The noradrenergic system has been implicated in a variety of decision-making paradigms as well as throughout the learning process. Studies using optogenetics, pharmacological agents, and lesioning have brought to light the effect norepinephrine has on cognition and higher-order thought processes. One theory regarding the role of NE in decision making involves the idea of network reset, acting as an “internal interrupt” signal [219,220]. Here, it is explained that the phasic activation of locus coeruleus noradrenergic neurons causes an increase of NE throughout the cortex, invoking cognitive shifts and the potential reorganization of neural networks [221]. This shifted brain state is hypothesized to be better equipped for rapid behavioral adaptation and enhanced decision making [221]. Other theories point out how stimulus-induced firing patterns of the LC are closely attuned to behavioral performance, hypothesized from LC primate recordings in visual discrimination tasks [28]. Similar phasic activation in primates has shown how the LC can respond to specific task-related decisions, modulating NE release and adapting future task-relevant decisions [186], as well as showcasing coordinated activity patterns in cortical networks derived from ascending NE projections [222]. Studies invoking NE release through an agonist have shown enhancements in sensory stimulation, allowing more rapid synaptic plasticity and faster behavioral responses [223].

Several pharmacological experiments have investigated the specific role that α₂ receptors play in the decision-making process. Studies using NE antagonists have shown α_2A receptor knockout leading to more risk-on behavior, with rats exhibiting greedier decisions [224]. α_2A agonists have been proven to enhance the efficiency of working memory and reduce impulsivity in primates [225]. This increased receptor uptake in the prefrontal cortex seems to be part of the shifted network brain state described earlier. The agonist guanfacine, another α_2A agent, was also shown to improve visual object discrimination performance during a reversal learning paradigm in primates [226].

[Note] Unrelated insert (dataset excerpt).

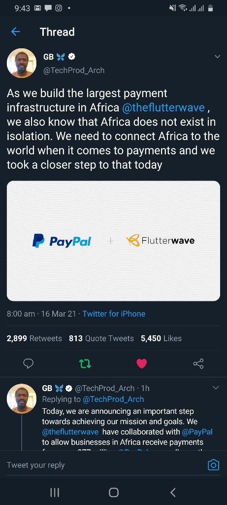 This is the Sweetest news I heard today. Great job Team Flutterwave! From crossing the $1 billion valuation and achieving the Unicorn Status to this great achievement, you have made yourself the Pride of the African Entrepreneurs who sometimes have to use short-cuts to set up Paypal account.
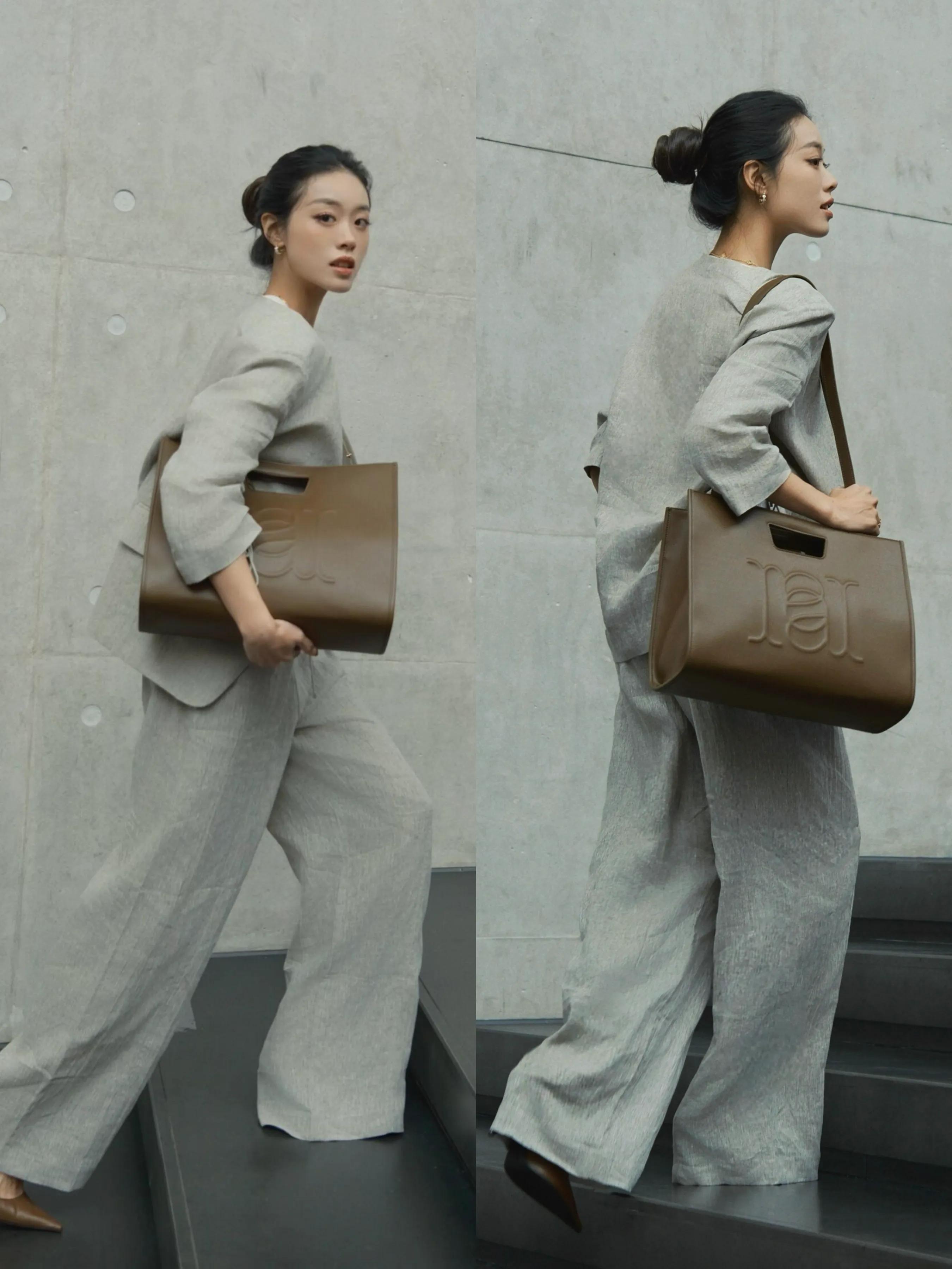 例如,上面这一件经典的卡其色西装外套,配上一条白色的西装阔腿裤,脚踩卡其色的粗跟高跟凉鞋,瞬间就可以打破沉闷与枯燥,让自己变得更有气质,利落大气。

The noradrenergic modulation of attention has been studied for several decades [227,228,229]. Studies have established the theory that the LC-NE system regulates the efficacy of information processing during neural coding of sensory signals [20,230,231]. During behavioral tasks, selective attention enhances neuronal responsiveness to sensory cues [232,233]. The firing rates of LC neurons are correlated with attentive behavior in an odd-ball task [227], in which either high or low tonic firing rates correspond to inattentive states and medium firing rates are associated with animals’ best performance. In a novel environment where more adaptive behaviors are required, changes in electrotonic coupling among LC neurons regulate goal-directed exploration and preserve attentional selectivity [28]. In addition, some studies have investigated the effects of NE agonists. It is shown that in a cued target detection task (CTD), the application of α₂ receptor agonists clonidine or guanfacine significantly impaired alerting behavior, and the effect was dose-dependent [234], while the effect was blocked by the α₂ antagonists idazoxan or yohimbine.

Most recent studies also show an association between the NE system and impulsivity control [235,236,237]. It was observed from the superior frontal theta band activity that the NE system dynamically gains and loses relevance to regulate inhibitory control under different responding modes [237]. This work has led to the use of the NE-specific reuptake inhibitor atomoxetine as a treatment of pediatric attention-deficit/hyperactivity disorder (ADHD) [235]. Furthermore, it is demonstrated that ADHD patients have a higher positron emission tomography (PET)-measured NET availability in comparison to healthy individuals, suggesting that there are underlying genetic and epigenetic mechanisms.